NOTES TO THE CONSOLIDATED FINANCIAL 
STATEMENTS FOR THE YEAR ENDED 
30 JUNE 2021 (continued)

26.  SIGNIFICANT ACCOUNTING POLICIES (continued)

(e) 

Impairment (continued)

(i)  Non-derivative financial assets (continued)

Write-off

The gross carrying amount of a financial asset is written off when the Group has no reasonable expectations of recovering 
a financial asset in its entirety or a portion thereof. For individual customers, the Group has a policy of writing off the gross 
carrying amount when the financial asset is 180 days past due based on historical experience of recoveries of similar assets. 
For corporate customers, the Group individually makes an assessment with respect to the timing and amount of write-off 
based on whether there is a reasonable expectation of recovery.

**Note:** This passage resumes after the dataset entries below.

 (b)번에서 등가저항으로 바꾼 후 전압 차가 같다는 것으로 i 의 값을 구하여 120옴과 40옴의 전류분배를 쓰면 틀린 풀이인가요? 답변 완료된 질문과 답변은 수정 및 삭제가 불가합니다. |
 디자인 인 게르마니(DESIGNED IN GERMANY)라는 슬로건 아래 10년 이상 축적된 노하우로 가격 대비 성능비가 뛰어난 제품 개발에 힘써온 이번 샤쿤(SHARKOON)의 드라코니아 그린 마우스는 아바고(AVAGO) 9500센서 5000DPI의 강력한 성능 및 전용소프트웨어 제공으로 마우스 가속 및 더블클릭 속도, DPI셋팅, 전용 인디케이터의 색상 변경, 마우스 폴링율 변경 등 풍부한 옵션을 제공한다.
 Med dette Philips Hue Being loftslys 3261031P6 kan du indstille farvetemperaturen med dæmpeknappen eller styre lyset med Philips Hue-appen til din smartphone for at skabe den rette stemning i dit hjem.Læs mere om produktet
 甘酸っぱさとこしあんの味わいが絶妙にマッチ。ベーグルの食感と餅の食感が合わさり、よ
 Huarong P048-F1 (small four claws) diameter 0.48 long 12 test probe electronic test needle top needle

The Group expects no significant recovery from the amount 
written off. However, financial assets that are written off could still be subject to enforcement activities in order to comply 
with the Group’s procedures for recovery of amounts due.

(f)  Revenue, income and government grants

Revenue

Performance obligations and revenue recognition polices:

Type of product/service

Research and collaboration 
fees – recognised over time

Nature and timing of satisfaction of 
performance obligations, including significant 
payment terms

Customer obtains control as the underlying 
research services are performed. This usually 
occurs when the underlying activities are 
undertaken by the Group over time. 

Where an agreement contains a right to access 
the Group’s IP this is also recognised over time.

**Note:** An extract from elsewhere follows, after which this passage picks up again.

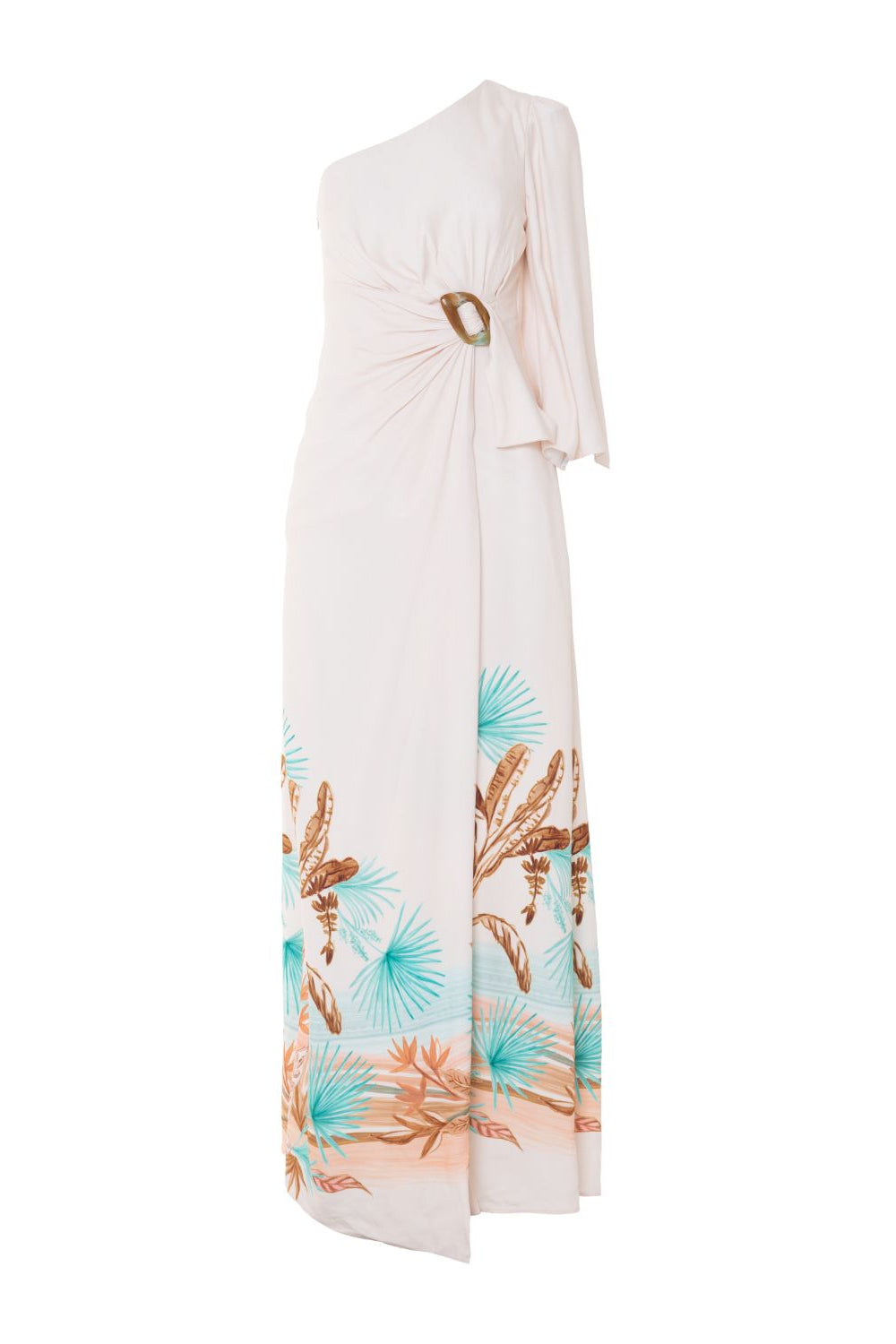 BANANEIRA TROPICAL ONE SHOULDER MAXI DRESS

Revenue recognition under AASB 15 

Revenue is recognised when the 
underlying expenses underpinning the 
delivery of services are incurred.

Lease income

Refer accounting policy note 26(n)

Government grants

The Group recognises an unconditional government grant as other income when the grant becomes receivable.

Grants that compensate the Group for expenses incurred are recognised in profit or loss as other income on a systematic 
basis in the periods in which the expense are recognised, unless conditions for receiving the grant are met after the related 
expenses have been recognised.  In this case, the grant is recognised when it becomes receivable.

(g)  Research and development expenditure

Expenditure on research activities undertaken with the prospect of gaining new scientific or technical knowledge and 
understanding is recognised in the income statement as an expense as incurred. Patent costs relating to research activities 
are expensed as incurred. Plant and equipment acquired to perform research activities are capitalised where the plant and 
equipment are not specific in nature to the Group’s research activities and can be sold or leased to third parties. Plant and 
equipment specific to the research activities of the Group are expensed on acquisition. 

Development expenditure is capitalised only if development costs can be measured reliably, the product or process is 
technically and commercially feasible, future economic benefits are probable, and the Group intends to and has sufficient 
resources to complete development and to use or sell the asset. The expenditure capitalised includes the cost of materials, 
direct labour and overhead costs that are directly attributable to preparing the asset for its intended use. No costs were 
capitalised during the period. Other development expenditure is recognized in the profit and loss as incurred.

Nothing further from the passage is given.